Но позвольте спросить; коль вы такой скептик, откуда у вас эта уверенность, что вам дано отличить кулису от стены? Всегда ли вы были убеждены в том, что иллюзии, над которыми вы смеетесь, и вправду только иллюзии? А что, ежели вы ошибаетесь? Что, ежели это ценности и вы разрушитель ценностей? — И затем добавил: — Преуменьшенная ценность и развенчанная иллюзия, полагаю, имеют равно убогую плоть, они подобны друг другу, и перепутать их проще простого».
Я провожал Костку через город опять к больнице, поигрывая в кармане ключами, и мне было славно в присутствии давнего знакомого, который мог убеждать меня в своей правде когда угодно и где угодно, да хоть и сейчас — дорогой по бугристому простору нового поселка. Впрочем, Костка, зная, что перед нами целый завтрашний вечер, минутой позже от философствования перешел к делам обыденным; он вновь уверился, что завтра я подожду его в квартире до семи вечера (других ключей у него не было), и спросил, действительно ли мне ничего больше не нужно. Я провел ладонью по лицу и сказал, что мне, пожалуй, не мешало бы зайти к парикмахеру, ибо я оброс до неприличия. «Превосходно, — сказал Костка, — я устрою вам бритье по первому классу».

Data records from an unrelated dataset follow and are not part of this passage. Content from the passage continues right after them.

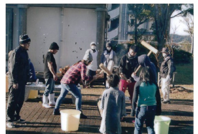
(餅つき大会の様子)

当アパートも昭和61年の建築から34年が経過し、建物や設備等の課題がいろいろと出てきていますが、今後も住みやすい環境づくりのため、皆様のご支援・ご協力をよろしくお願いいたします。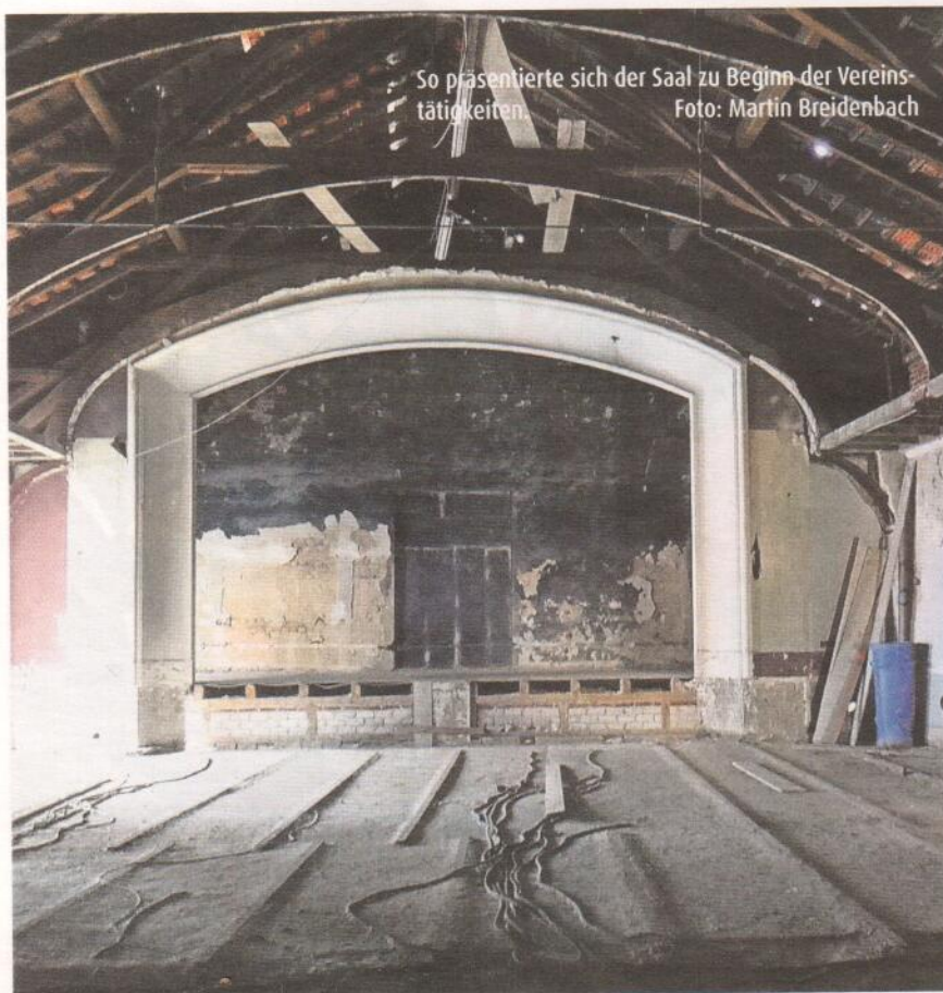
So präsentierte sich der Saal zu Beginn der Vereinstätigkeiten.

► KÖNIGSBURG-Kalender 15 Euro Verkaufsstellen in Süchteln: Volksbank Reisebüro Holiday-Land Schreibwaren Kerpers Verkaufsstellen in Viersen: Buchhandlung im Kaisereck und bei den nächsten Kinoabenden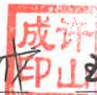
许山成 主管会计工作的 公司负责人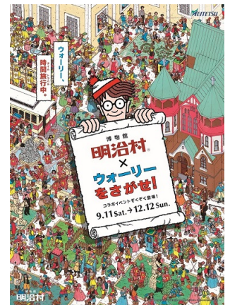
秋催事ビジュアル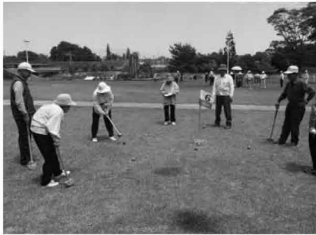
グラウンドゴルフを楽しむ皆さん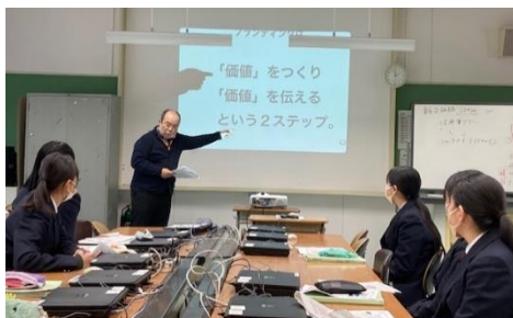
商品開発の専門家を招いた授業を実施！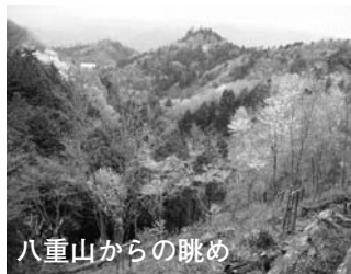
八重山からの眺め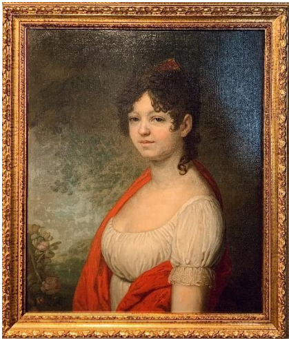
Рис. 8. Владимир Боровиковский Портрет Варвары Андреевны Томиловой 1800-е

Dostoevsky, Florence and images of Russian spirituality. Reflections at the exhibition "From Baroque to Art Nouveau" by Vasily Tropinin's Museum in Moscow Language and Text. 2022. Vol. 9, no. 3, pp. 31–38.

Я не отказался от покровительства Костки и дал ему возможность отвести меня в маленькую цирюльню, где перед тремя зеркалами возвышались три огромных вращающихся кресла, и на двух из них, запрокинув головы, сидели мужчины с намыленными лицами. Две женщины в белых халатах склонялись над своими клиентами. Костка подошел к одной и что-то шепнул; женщина вытерла салфеткой бритву и, обернувшись назад, крикнула в глубь заведения; оттуда вышла девушка в белом халате и занялась покинутым в кресле мужчиной, тогда как женщина, с которой разговаривал Костка, поклонилась мне и жестом руки попросила сесть в пустое кресло. Распрощавшись с Косткой, я сел, откинул голову на подставленный подголовник, а поскольку, прожив достаточно долгую жизнь, не люблю глядеть на собственную физиономию, отвел глаза от расположенного напротив зеркала, поднял их кверху и стал блуждать ими по белому в разводах потолку.

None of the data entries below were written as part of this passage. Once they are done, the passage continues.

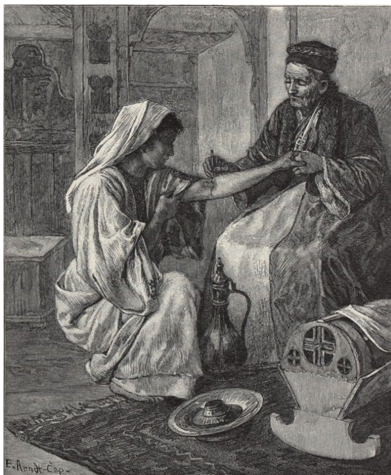
Die österreichisch-ungarische Monarchie in Wort und Bild. Bosnien und Hercegovina, str. 341. Autor: Ewald Arndt-Čeplin.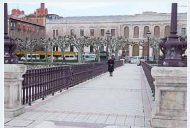
La pasarela de la Audiencia ha ganado amplitud.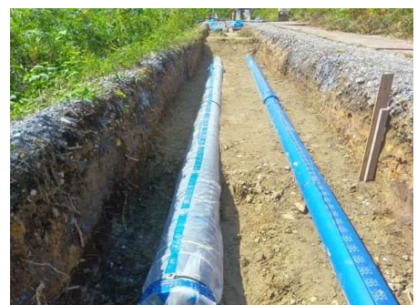
新設管路布設状況（県、大崎市）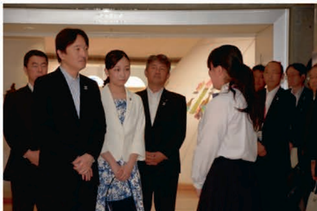
[ボランティア部門御覧]

午前、東北歴史博物館でボランティア部門を御覧いただいたあと、岩沼市民会館で器楽・管弦楽部門の演奏を御覧いただき、帰京されました。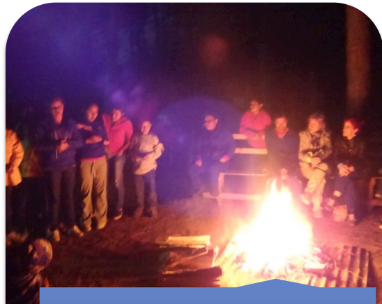
Fogata en el Parque Ecológico Corazón del Bosque.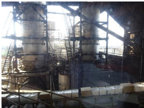
ロータリーキルン (2機)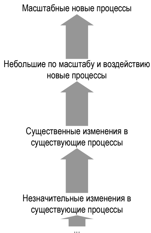
Рисунок 1. Континуальная модель инноваций М.Морриса и Д.Куратко

Как видно из рисунка 1, М.Моррис и Д.Куратко предлагают выделение определенных спектров или измерений феномена инноваций. Внутри каждого измерения можно выделять определенные виды, такие как расширение продуктового ассортимента, разработка новой для компании продукции и прочее. Но данные виды выделяются достаточно условно, и отличие одного вида от другого носит нечеткий характер.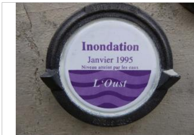
Repère normalisé de la crue de janvier 1995

Altitude calculée de l'eau (en m) : 11.72 m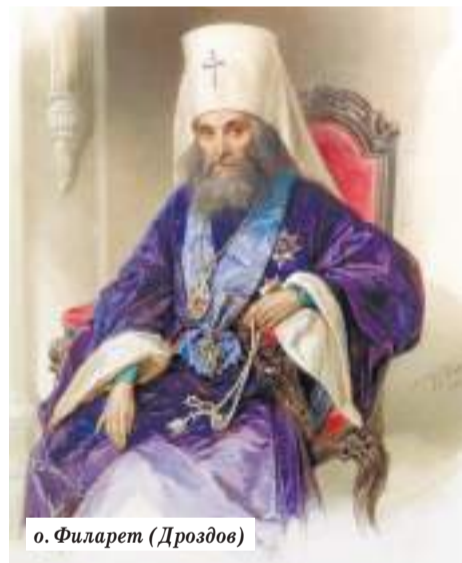
о. Филарет (Дроздов)

Отметим сразу: в нашем материале речь пойдёт о переписке, касающейся строительной деятельности на территории обители, других вопросов мы касаться не будем.

Не оторвал я от него взора и тогда, когда почувствовал на шее пальцы парикмахерши, засовывавшие мне за воротник рубашки белую простыню. Потом парикмахерша чуть отошла, и я, прислушиваясь лишь к шорканью бритвы о кожаный точильный ремень, застыл в какой-то сладостной неподвижности, исполненной блаженного безучастия. Минутой позже я ощутил на лице пальцы, влажные и скользящие, легко растиравшие по моей коже мыльный крем, и вдруг осознал нечто странное и смешное: какая-то чужая женщина, которая мне столь же безразлична, как и я ей, нежно гладит меня. Затем парикмахерша стала взбивать мыльную пену кисточкой, и мне показалось, будто я вовсе не сижу в кресле, а витаю в белом, покрытом пятнами пространстве, упираясь в него взглядом. И тут я представил себя (ибо мысли и в минуты отдохновения не устают вести свои игры) беззащитной жертвой, отданной на произвол женщине, точившей бритву. А поскольку мое тело истаивало в пространстве и я ощущал лишь лицо, которого касались пальцы, я легко вообразил, что нежные руки парикмахерши держат (поворачивают, гладят) мою голову так, словно ничуть не связывают ее с телом, а воспринимают саму по себе — стало быть, острая бритва, ожидающая на подсобном столике, сможет разве что завершить эту полнейшую обособленность.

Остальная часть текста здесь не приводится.